Patents have already impeded the fight against COVID-19. The Patent Office has granted numerous telehealth patents that threaten to impede access to computing and networking technology that has existed for years. Big companies have already asserted these patents against smaller care providers for activities related todiagnosing COVID-19 and treating patients remotely. But we have only begun to feel the effects of the former Patent Office Director’s unbalanced approach: for the next twenty years, we face a minefield of wrongly granted patents and arbitrary restrictions on challenging them under the America Invents Act.

After years of catering to patent owners, we need the next Director to prioritize the public’s interest. The American people are the source of the powerful rights patents and the ones wrongly-granted patents harm. The next Director must strike an appropriate balance between providing incentives for private investment and public access to knowledge.

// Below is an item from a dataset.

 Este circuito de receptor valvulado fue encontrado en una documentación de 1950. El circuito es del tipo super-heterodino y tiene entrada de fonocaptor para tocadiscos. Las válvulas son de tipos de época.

That has never been truer than it is today as we work to overcome the COVID-19 pandemic and rebuild our economy.

Here are five concrete ways the next Director can make the Patent Office more fair and effective for everyone. 

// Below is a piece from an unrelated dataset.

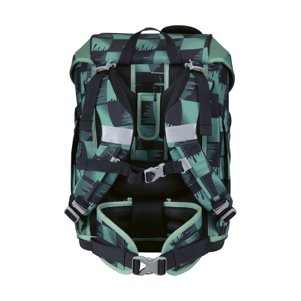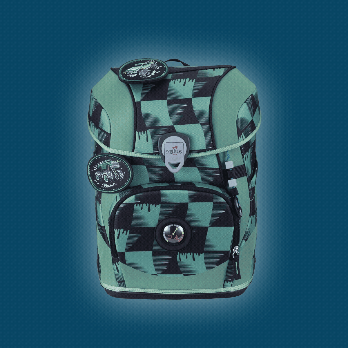 Sicherheit ganz leicht gemacht: Der ErgoFlex Tiny Exklusiv Superflash strahlt besonders stark, wenn Licht auf seine extragroßen retroreflektierenden Flächen trifft und macht ABC-Schützen in der Dunkelheit unübersehbar. Er fällt im Straßenverkehr einfach immer auf und sorgt für einen sicheren Schulweg. Zudem ist er stabil, schlank und mit flachem Deckel – das alles mit nur ca. 900 Gramm. Mit den coolen Power-Wechselbuttons und dem Anhänger können Kinder den Ranzen individuell gestalten. Dank des cleveren Tragegurtsystems wächst er mit, entlastet den Kinderrücken und ist super bequem. Durch zwei herausnehmbare Extra-Polster im Rücken, passt sich der Ranzen noch besser an und ist eine wichtige Stütze für die Wirbelsäule. Das Beste aber ist: Der ErgoFlex Tiny Exklusiv Superflash Schulranzen Super Truck kommt im praktischen Komplett-Set inklusive 2 Wechselbuttons und 1 Anhänger, Heftebox, Sportbeutel, Faulenzermäppchen und einem befüllten Schüleretui (Staedtler-Qualitätsbuntstifte). So macht Schule Spaß!Maße:ca. 30 x 38 x 23 cm

1.    Restore the America Invents Act. 

Ten years, Congress created new administrative proceedings so that members of the public could challenge wrongly granted patents without going to court. Former Director Iancu abused his discretion to make these proceedings less effective, accessible, and fair. The next Director must undo those changes and restore the proceedings as the American people’s elected representatives intended. 

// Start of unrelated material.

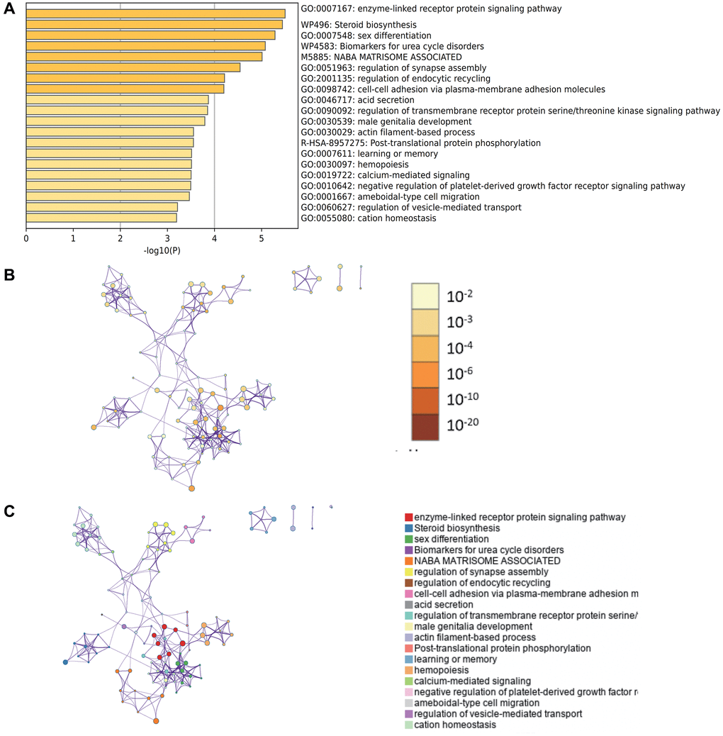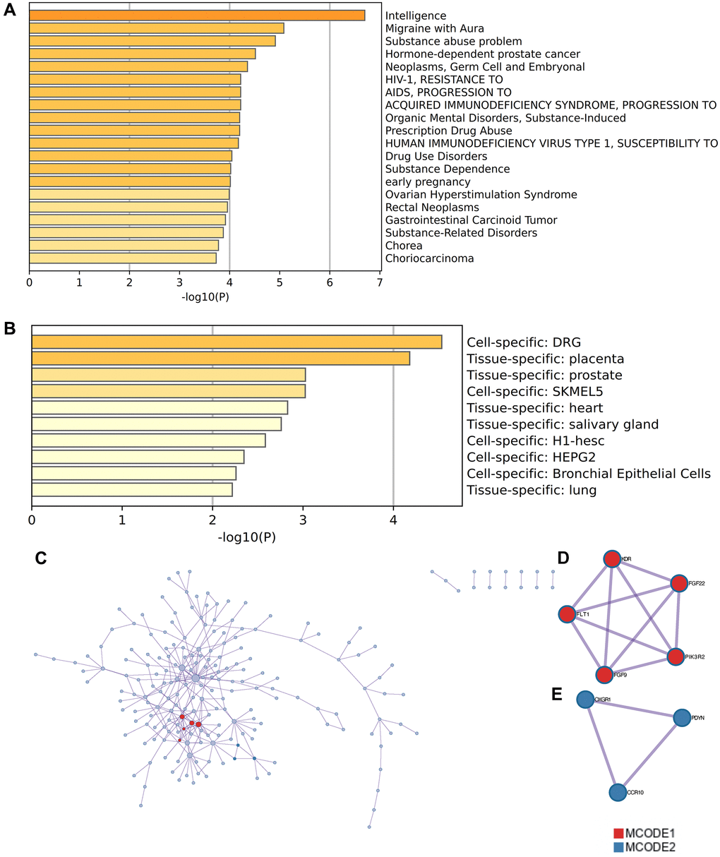 The content enriched by Metascape included GO enrichment terms (Figure 5A) and had enrichment networks colored by enrichment terms and p-values (Figure 5B, 5C). It also includes a module for enriching disease terms (Figure 6A), an enrichment term for enriching cell types (Figure 6B), and a PPI network and core module formed in Metascape website based on core genes (Figure 6C–6E).

2.    Make the Patent Office’s operations more transparent.

Patents exist to ensure public access to knowledge; there should be no secrets between the patent applicants and the agency. For example, the Patent Office should require examiners to make recordings or transcripts of interviews with applicants so that the public knows what they do. It should also give the public access to all agency materials that examiners use to evaluate patent applications.

3.     Broaden membership in existing mechanisms for public participation and outreach. 

For example, the Patent Public Advisory Committee, which purports to “represent the interests of diverse users” of the Patent Office, includes representatives from private companies, like Eli Lilly and Facebook, but no representatives of consumers, patients, research scientists, open source developers, start-ups, or domestic manufacturers. The membership of the Committee should reflect and represent all Americans whose lives and livelihoods depend on technology.

4.     Create an Office of Public Outreach and Accessibility Ombudsman. 

The Patent Office has an Office of Stakeholder Outreach and Patents Ombudsman that serves patent applicants and owners but no similar office that serves members of the public. We need the Patent Office to devote specific resources to broadening public participation, ensuring transparency, and responding to submissions from the public, such as Freedom of Information Act requests and prior art references relevant to pending applications.      

5.     Raise ethical standards to prevent conflicts of interest.  

The administrative judges who decide whether to sustain or cancel granted patents in  review proceedings are mostly patent lawyers who come from and return to private companies. The Director should require judges to recuse themselves from patent review cases brought by or against their former employers and clients—and the Director should lead by example by recusing him or herself in similar cases.